Risques de colonisation par des formats étrangers
Le journaliste Peter Rothenbühler, invité pour faire le contrepoint, a exposé une tout autre thèse à
l'assemblée: «Si la SSR ne propose pas elle-même une offre de divertissement, elle sera colonisée
peu à peu par des formats européens et américains ou par des séries». Le public suisse en
apprendrait certainement davantage sur les us et coutumes d'autres pays, mais ce serait au détriment
de sa propre culture. Dans un monde média globalisé, le divertissement gagne de plus en plus en
importance. Peter Rothenbühler l'assure: «La télévision est le divertissement et le divertissement est
l'ADN de la télévision – il est donc indissociable du service public». Nous devons avoir notre propre
divertissement».
Lors de la discussion finale, les représentants des quatre sociétés régionales – Fabrizio Keller
(CORSI), Mirjam Hassler (SRG.D), Pierre André Berger (RTSR) et Ramona Ganzoni (SRG.R) – ont
tenté de compiler les différents arguments. Points centraux relevés: «La légèreté du divertissement
est nécessaire pour contre-balancer la lourdeur de l'information» (M. Hassler) – «Il faut reconnaître
toute sa légitimité au divertissement, car il contribue de manière constructive et complète à la
cohésion» (R. Ganzoni) – «Les productions maison sont essentielles; nous avons un réel savoir-faire
que nous pourrions mettre davantage à profit des productions nationales». (A. Berger) – «Les
émissions de divertissement contribuent à la culture populaire et la font vivre». (F. Keller).

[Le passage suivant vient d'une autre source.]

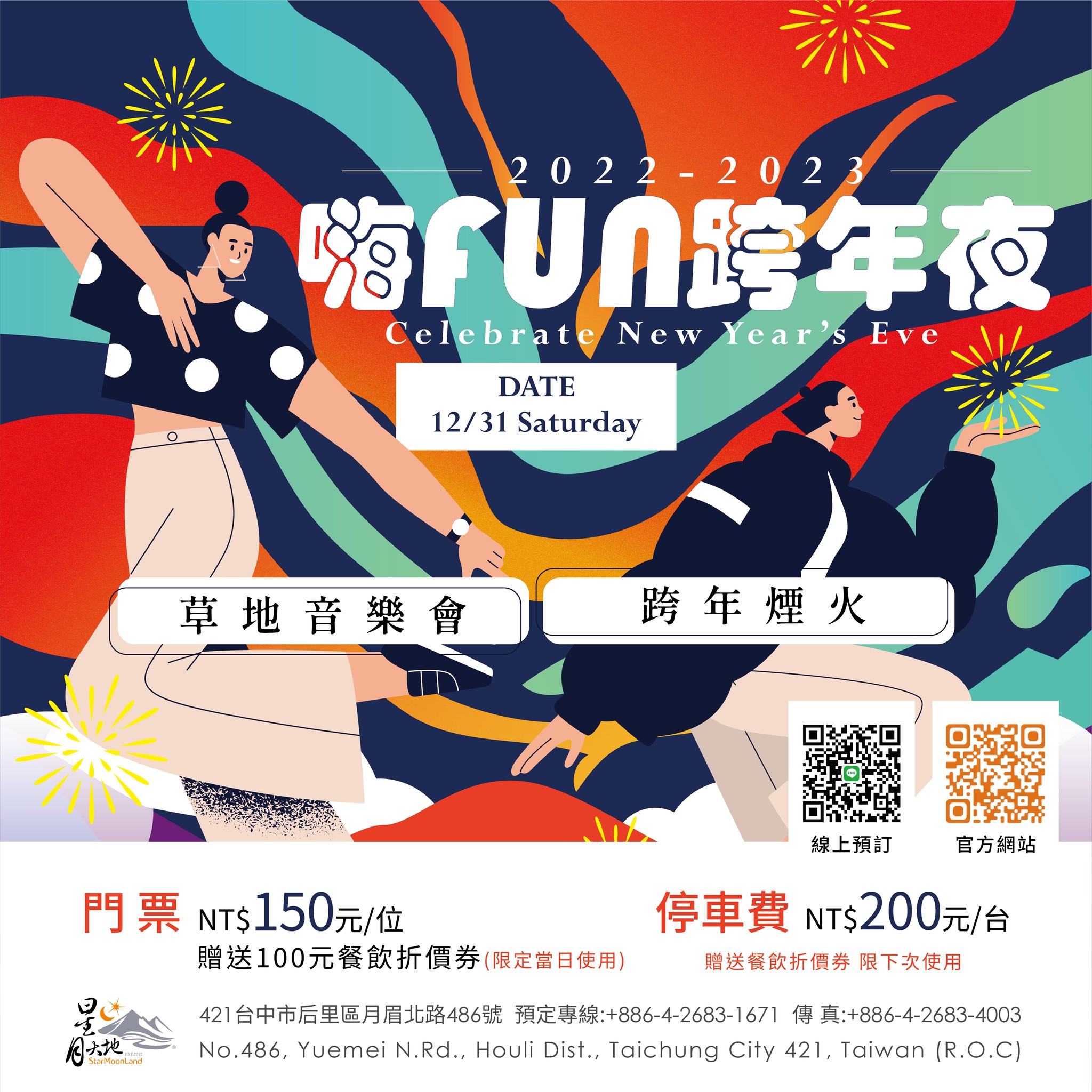 星月大地景觀休閒園區陳玫蒨特助表示,為了讓旅客體驗結合多重跨年玩法,星月大地景觀休閒園區與星月文旅今年特別推出「星月嗨FUN跨年夜」活動,規劃草地音樂會、跨年煙火秀、草地親子互動、主廚特色餐點等四大主題,跨年夜舉辦「大地BBQ」,希望讓旅客在2022最後一天與最重要的人暖呼呼、甜蜜蜜共同迎接新的一年。

Pour le directeur général de la SSR, Roger de Weck, le lien entre discernement et amusement est
évident. Peu avant la fin du colloque, il a également avancé un argument économique: «Les
productions maison coûtent cher et sont presque inabordables pour les chaînes commerciales. Même
les formats bon marché sont déficitaires». Mais: «Si la SSR n'en produit plus, il n'y en aura tout
simplement plus. Il ne restera alors plus que le 'Jung, wild and sexy'».